Compared to linear filters such as finite impulse response (FIR) or IIR, rank filters can effectively remove specks while preserving edges. This can be very useful for noise-removal or pre-processing applications. In this article, we'll present an architecture that lends itself well to area and performance trade-offs in high-performance FPGAs.
Earlier rank-filter implementations have not dealt with aspects of color image processing, predominantly classifying a filter as 2D if it was able to generate a valid pixel output in a single clock cycle.
Bit-serial approaches provide the lowest complexity. Processing rates are not usually dependent on the number of new samples the filter can handle in a single clock cycle. Bit-serial approaches are non-recursive and consequently easy to pipeline, but require a large number of comparators. Filtering performance is proportional to input data width.
Word-parallel architectures usually implement a sorting network that employs bubble sorting, odd/even merge sorting, and other architectures optimized for resource efficiency.
Most rank-filter architectures either store samples by the order of arrival (FIFO) or magnitude ordered. Insert/delete architectures store samples ordered by magnitude. The oldest sample is discarded and the most recent input is inserted into the sorting structure at the appropriate location. These solutions require fewer comparators.
FIFO-based architectures dynamically calculate the location of the output sample. These architectures are easier to pipeline and adapt to multiple samples per clock cycle, which is essential for 2D filtering.
The Xilinx 2D Rank-Filter Architecture
Other than larger tap numbers, the most important difference between 2D and 1D rank filtering is that multiple input samples must be inserted into the 2D filter core to generate one new output sample. Figure 1 shows the pixel high-sliding filter window, which has a vertical size variable we'll call WV, moving across the input image from left to right. The smaller gray squares represent pixels while darker squares illustrate new samples.

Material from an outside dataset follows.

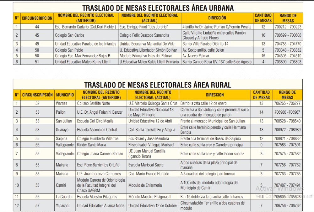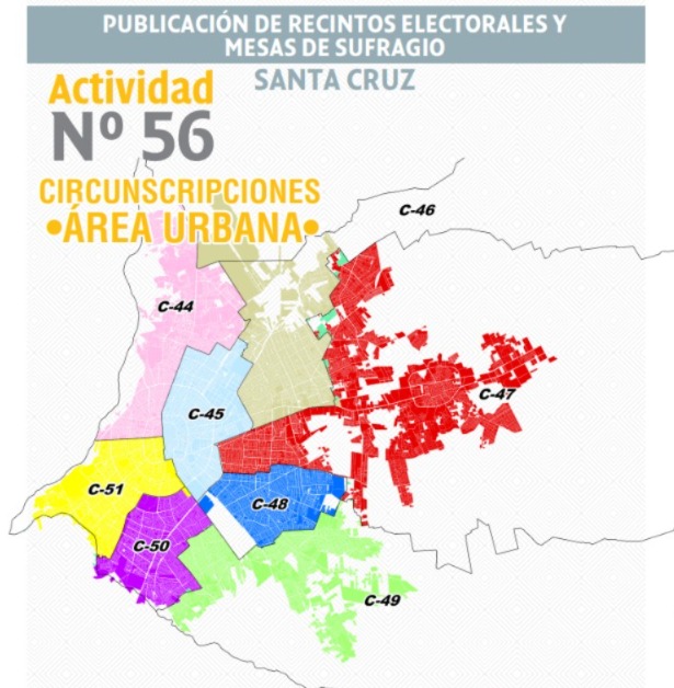 De acuerdo con la publicación y difusión de mesas de sufragio (recintos, asientos, circunscripciones uninominal y especial) que realizó el TED de Santa Cruz, los recintos y las mesas de sufragio que fueron objeto del traslado en el área urbana corresponden a las circunscripciones 44, 45, 49, 50 y 51, y, en el área rural, a la 52, 53, 55, 56 y 57.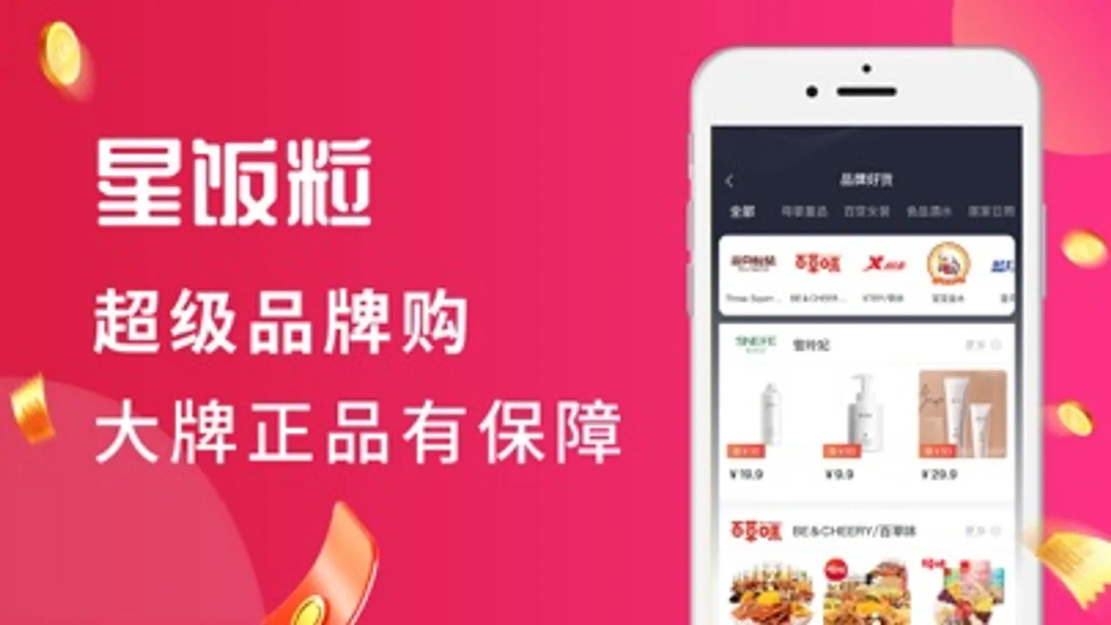 星饭粒与大牌商家合作,每天精选推出近万件优惠商品,只专属供给星饭粒用户。

Figure 1. 2D filtering window.
You can trivially extend 1D filters for 2D use by operating the filter at a WV multiple of the pixel clock, reading new input pixels every clock cycle but generating valid output pixels only once every WV clock cycle. Depending on the filter size and the targeted FPGA technology, this solution is viable for a wide range of applications. You can filter windows as high as 3 pixels on most FPGAs and as high as 5 pixels on Xilinx Virtex-4 devices or Virtex-5 devices using pure 1D architectures for 75-MHz 1080p HDTV applications.
If pixel clock frequencies are prohibitively high, parallel instances of certain key components of the filter may accept new WV input samples every clock cycle.
Hybrid solutions spanning fully parallel (WV input samples per clock cycle) and word serial (one input sample per clock cycle) allow you to tune the filter core to the maximum clock frequency allowed by the target chip while minimizing resource counts.
Basic Filter Architecture
The architecture illustrated in Figure 2 comprises five main components. The line buffer stores WV-1 lines of the input frame. If required, the filter value generator (FVG) computes magnitude values (such as luminance) for filtering. The delay line block stores full pixel information (such as RGB) for the pixels currently being processed by the filter core, which carries out the actual rank filtering. The control block generates optional data switching, masking, and output valid signals.
Figure 2. Filter architecture.
For typical resolutions and filter sizes, you can implement the line buffer using block RAMs internal to the target FPGA.
Color frames are often filtered using a function of the RGB values—typically luminance—rather than the full RGB information. Color information (corresponding to the luminance values processed by the filter core) is stored in a FIFO. Let's designate the variable TAP to mean the size of the filter core; at any given time the number of pixels the FIFO stores is the sum of TAP and the latency of the filter core. The SRL16 primitives in Xilinx FPGAs offer an efficient way to implement this addressable FIFO.